TASK REQUIREMENTS
From the first line to the last, copy the listing exactly and omit the pictures.

TASK INPUTS
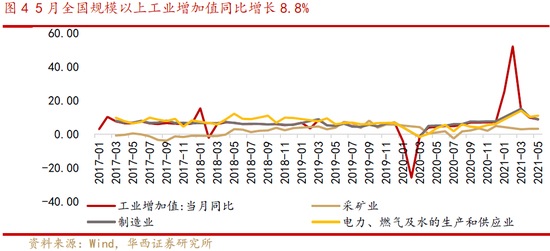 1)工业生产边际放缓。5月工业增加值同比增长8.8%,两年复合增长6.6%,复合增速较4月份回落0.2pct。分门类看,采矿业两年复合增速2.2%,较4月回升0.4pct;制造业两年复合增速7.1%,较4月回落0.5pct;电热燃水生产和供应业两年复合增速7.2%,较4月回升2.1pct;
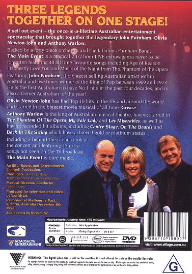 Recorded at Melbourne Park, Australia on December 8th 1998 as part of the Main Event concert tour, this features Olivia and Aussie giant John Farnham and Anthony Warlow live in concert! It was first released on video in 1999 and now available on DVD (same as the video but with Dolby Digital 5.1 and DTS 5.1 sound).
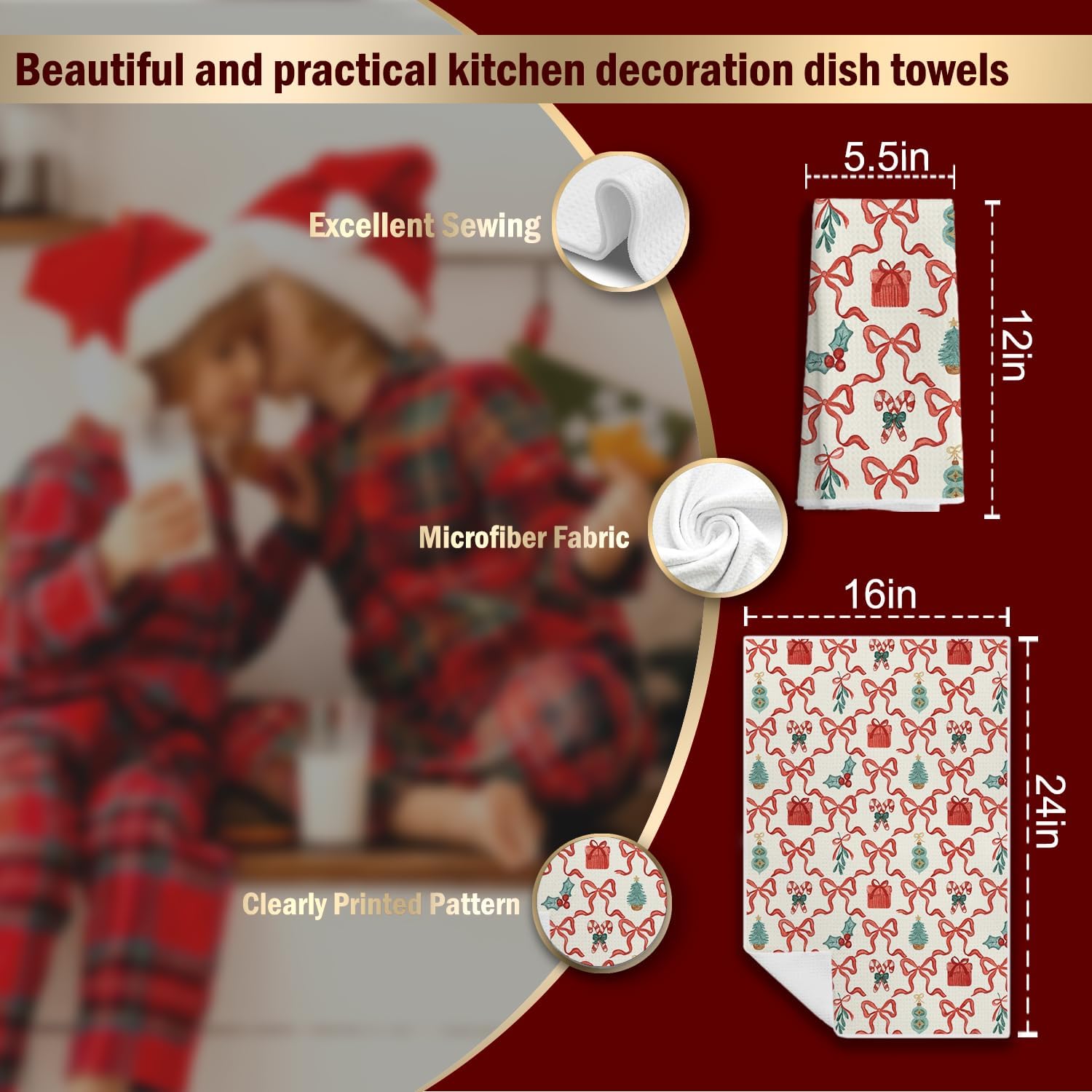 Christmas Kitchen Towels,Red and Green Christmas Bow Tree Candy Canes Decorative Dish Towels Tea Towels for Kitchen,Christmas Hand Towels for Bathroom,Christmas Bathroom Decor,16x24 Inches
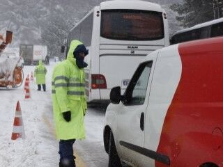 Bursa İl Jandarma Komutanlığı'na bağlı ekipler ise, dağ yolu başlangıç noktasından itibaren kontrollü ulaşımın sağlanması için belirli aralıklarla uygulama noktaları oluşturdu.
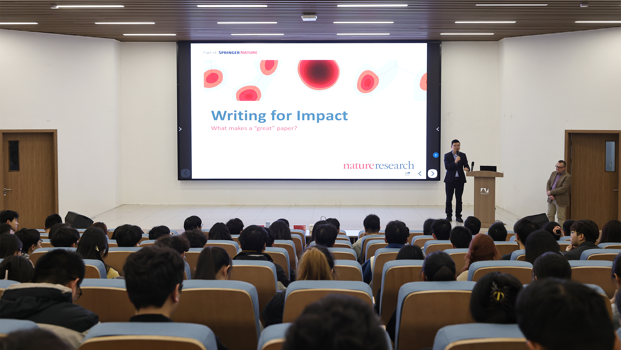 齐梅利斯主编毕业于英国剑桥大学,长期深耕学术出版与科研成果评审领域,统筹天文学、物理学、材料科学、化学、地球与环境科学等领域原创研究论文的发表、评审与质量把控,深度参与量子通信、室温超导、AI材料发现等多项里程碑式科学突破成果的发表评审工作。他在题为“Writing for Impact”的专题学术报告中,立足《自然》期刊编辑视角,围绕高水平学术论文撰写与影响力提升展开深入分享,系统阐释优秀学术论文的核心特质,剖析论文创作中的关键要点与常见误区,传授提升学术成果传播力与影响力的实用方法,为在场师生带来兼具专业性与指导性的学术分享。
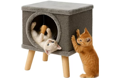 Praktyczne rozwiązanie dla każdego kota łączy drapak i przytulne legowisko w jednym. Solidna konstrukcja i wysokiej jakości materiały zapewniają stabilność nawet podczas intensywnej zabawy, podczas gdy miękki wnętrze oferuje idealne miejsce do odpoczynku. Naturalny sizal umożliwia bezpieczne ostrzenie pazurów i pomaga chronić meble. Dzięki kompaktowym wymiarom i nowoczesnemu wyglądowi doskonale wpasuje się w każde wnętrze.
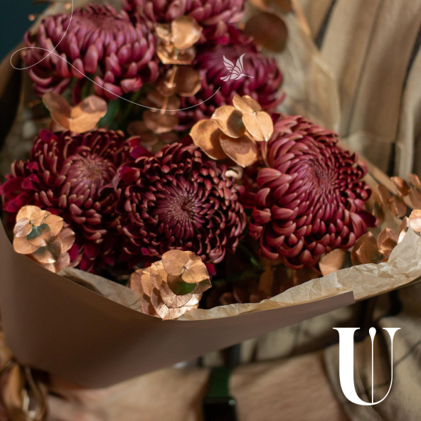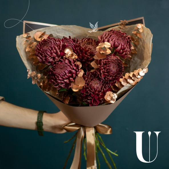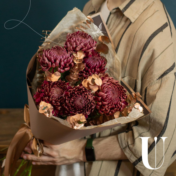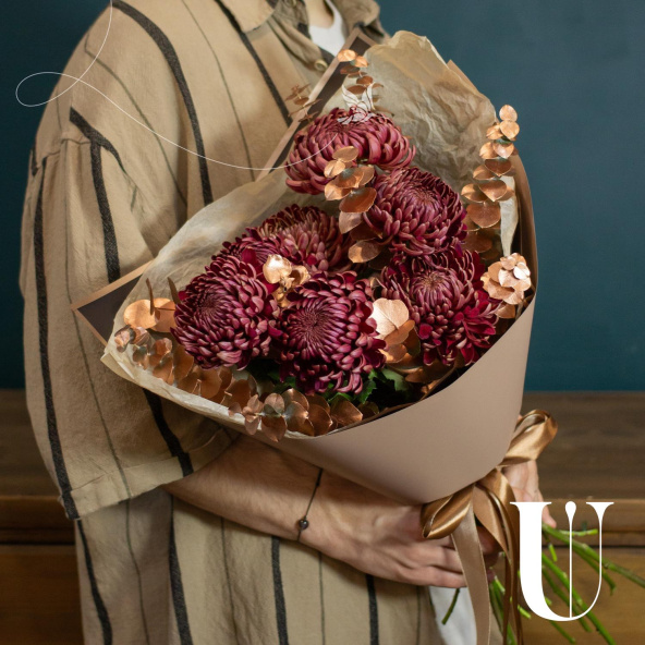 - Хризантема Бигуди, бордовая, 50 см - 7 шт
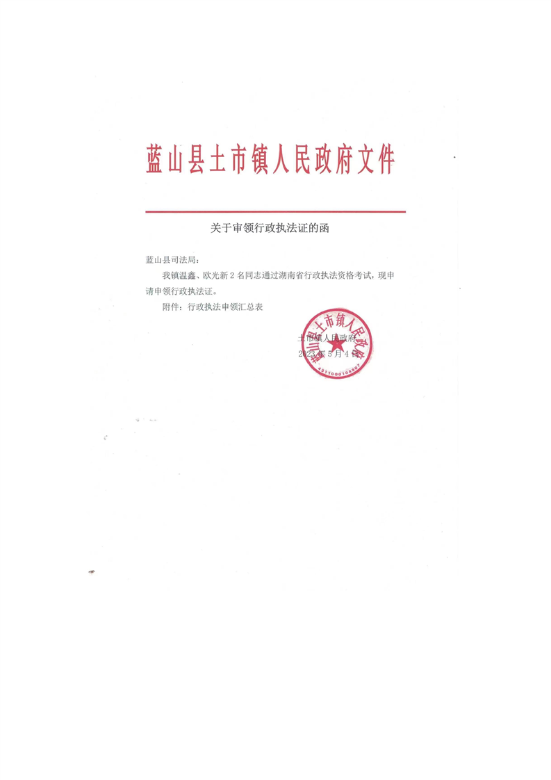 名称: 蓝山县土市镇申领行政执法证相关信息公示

RESPONSE BOX
 1)工业生产边际放缓。5月工业增加值同比增长8.8%,两年复合增长6.6%,复合增速较4月份回落0.2pct。分门类看,采矿业两年复合增速2.2%,较4月回升0.4pct;制造业两年复合增速7.1%,较4月回落0.5pct;电热燃水生产和供应业两年复合增速7.2%,较4月回升2.1pct;
 Recorded at Melbourne Park, Australia on December 8th 1998 as part of the Main Event concert tour, this features Olivia and Aussie giant John Farnham and Anthony Warlow live in concert! It was first released on video in 1999 and now available on DVD (same as the video but with Dolby Digital 5.1 and DTS 5.1 sound).
 Christmas Kitchen Towels,Red and Green Christmas Bow Tree Candy Canes Decorative Dish Towels Tea Towels for Kitchen,Christmas Hand Towels for Bathroom,Christmas Bathroom Decor,16x24 Inches
 Bursa İl Jandarma Komutanlığı'na bağlı ekipler ise, dağ yolu başlangıç noktasından itibaren kontrollü ulaşımın sağlanması için belirli aralıklarla uygulama noktaları oluşturdu.
 齐梅利斯主编毕业于英国剑桥大学,长期深耕学术出版与科研成果评审领域,统筹天文学、物理学、材料科学、化学、地球与环境科学等领域原创研究论文的发表、评审与质量把控,深度参与量子通信、室温超导、AI材料发现等多项里程碑式科学突破成果的发表评审工作。他在题为“Writing for Impact”的专题学术报告中,立足《自然》期刊编辑视角,围绕高水平学术论文撰写与影响力提升展开深入分享,系统阐释优秀学术论文的核心特质,剖析论文创作中的关键要点与常见误区,传授提升学术成果传播力与影响力的实用方法,为在场师生带来兼具专业性与指导性的学术分享。
 Praktyczne rozwiązanie dla każdego kota łączy drapak i przytulne legowisko w jednym. Solidna konstrukcja i wysokiej jakości materiały zapewniają stabilność nawet podczas intensywnej zabawy, podczas gdy miękki wnętrze oferuje idealne miejsce do odpoczynku. Naturalny sizal umożliwia bezpieczne ostrzenie pazurów i pomaga chronić meble. Dzięki kompaktowym wymiarom i nowoczesnemu wyglądowi doskonale wpasuje się w każde wnętrze.
 - Хризантема Бигуди, бордовая, 50 см - 7 шт
 名称: 蓝山县土市镇申领行政执法证相关信息公示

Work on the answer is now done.